In May 2023, a study led by Professor JunLing Liu from the School of Medicine, Shanghai Jiao Tong University, was published in the prestigious international academic journal ——Immunity (IF=43.474). The research, titled "STING activation in platelets aggravates septic thrombosis by enhancing platelet activation and granule secretion," delves into the molecular mechanisms of STING activation in platelets during the formation of septic thrombosis. The identified therapeutic target, C-ST5, holds the potential to alleviate excessive platelet activation and reduce thrombus formation. This study was also recently recognized as one of the "Top Ten Advances in Hematology in China in 2023."
Sepsis, a life-threatening condition marked by an overwhelming immune response to infection, often leads to severe complications, including septic thrombosis. Recent studies have uncovered the involvement of the STING (Stimulator of Interferon Genes) pathway in platelets during septic thrombosis, revealing complex molecular mechanisms that intertwine immunity and coagulation.
The study is meticulously designed to unravel the intricate mechanisms of STING activation in platelets during septic thrombosis. Adopting a multifaceted approach, researchers employ both in vitro and in vivo models to comprehensively investigate the molecular pathways influenced by STING activation.

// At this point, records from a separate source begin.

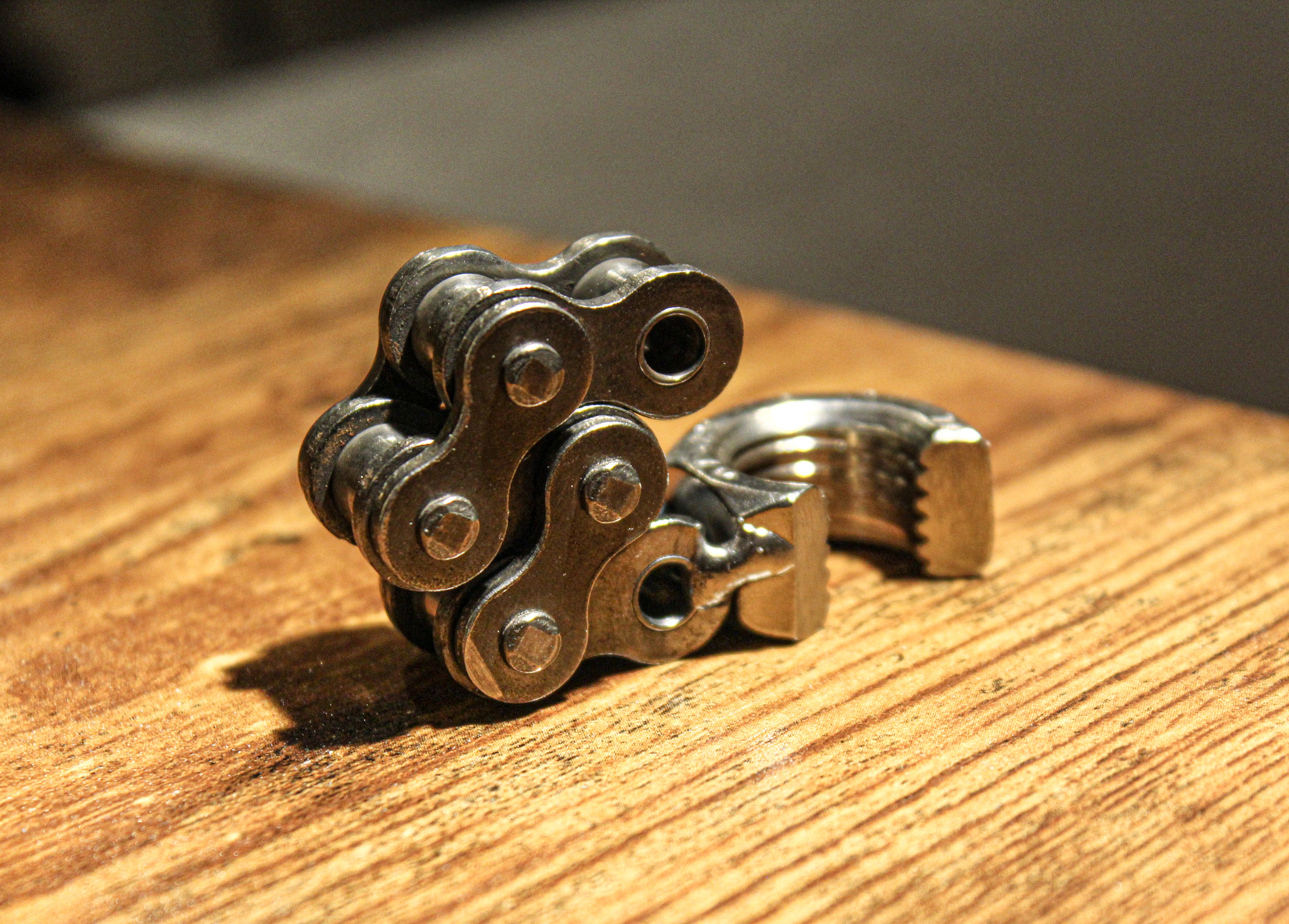Handgefertigte Schlüsselanhänger/Flaschenöffner aus Steuerketten gefertigt von Mortal Engines Interior Design.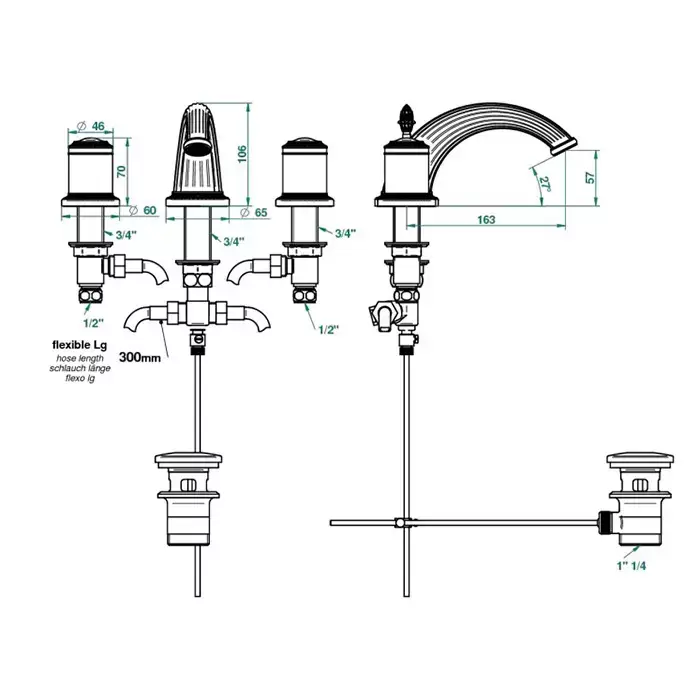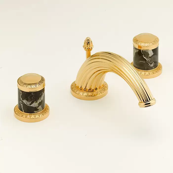 THG Malmaison Portoro Смеситель для раковины на 3 отверстия, с донным клапаном, цвет: полированное золото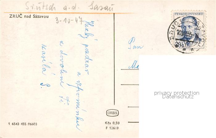 73850137 Zruc nad Sazavou Srutsch Sasau CZ Panorama postalisch gelaufen Erhaltung siehe scans [WerneD78] old postcard Wern Katcode 11520

In the in vitro experiments, platelets are subjected to cyclic GMP-AMP (cGAMP) to simulate STING activation. This controlled environment allows researchers to observe the precise changes in platelet behavior at the molecular level. Researchers delve into the changes in platelet morphology, granularity, and activation markers. The use of advanced imaging techniques allows for the visualization of granule-plasma membrane fusion and the subsequent release of platelet granules. By employing various techniques such as flow cytometry, immunofluorescence, and molecular assays, the study meticulously characterizes the impact of STING activation on platelet hyperactivation and granule secretion.
The in vivo component involves septic mouse models, where sepsis is induced to closely mimic the clinical conditions. This model enables researchers to assess the effects of STING activation on platelet function, thrombus formation, and overall survival. Through a combination of histopathological analyses, blood coagulation assays, and survival rate monitoring, the study gains insights into the systemic consequences of STING activation in a septic context.
The integration of these two models ensures a comprehensive understanding of the role of STING in platelets under both controlled and dynamic physiological conditions. This holistic study design is pivotal in capturing the nuances of STING-mediated platelet activation during septic thrombosis.
The results of the study provide a rich tapestry of insights into the role of STING activation in platelets during septic thrombosis. The in vitro experiments reveal a pronounced interaction between STING and syntaxin binding protein 2 (STXBP2), a key regulator of the SNARE complex assembly. This interaction is crucial for granule-plasma membrane fusion, and the study illustrates how cGAMP, the direct activator of STING, intensifies this process, leading to enhanced platelet hyperactivation.
The in vivo data corroborate these findings, demonstrating that C-ST5, a specific peptide inhibiting the binding of STING to STXBP2, effectively reduces thrombus formation in a septic mouse model. This promising result underscores the potential clinical applicability of STING-targeted interventions. The study not only unveils the intricacies of STING-mediated platelet activation but also provides a viable therapeutic strategy in C-ST5, offering hope for mitigating the complications of septic thrombosis.
In conclusion, the study provides a comprehensive understanding of STING activation in platelets during septic thrombosis, unraveling intricate molecular mechanisms. The identified therapeutic target, C-ST5, shows promise in mitigating platelet hyperactivation and reducing thrombus formation. This research not only contributes to our understanding of the pathophysiology of septic thrombosis but also opens avenues for the development of targeted therapies to improve patient outcomes in the challenging context of sepsis.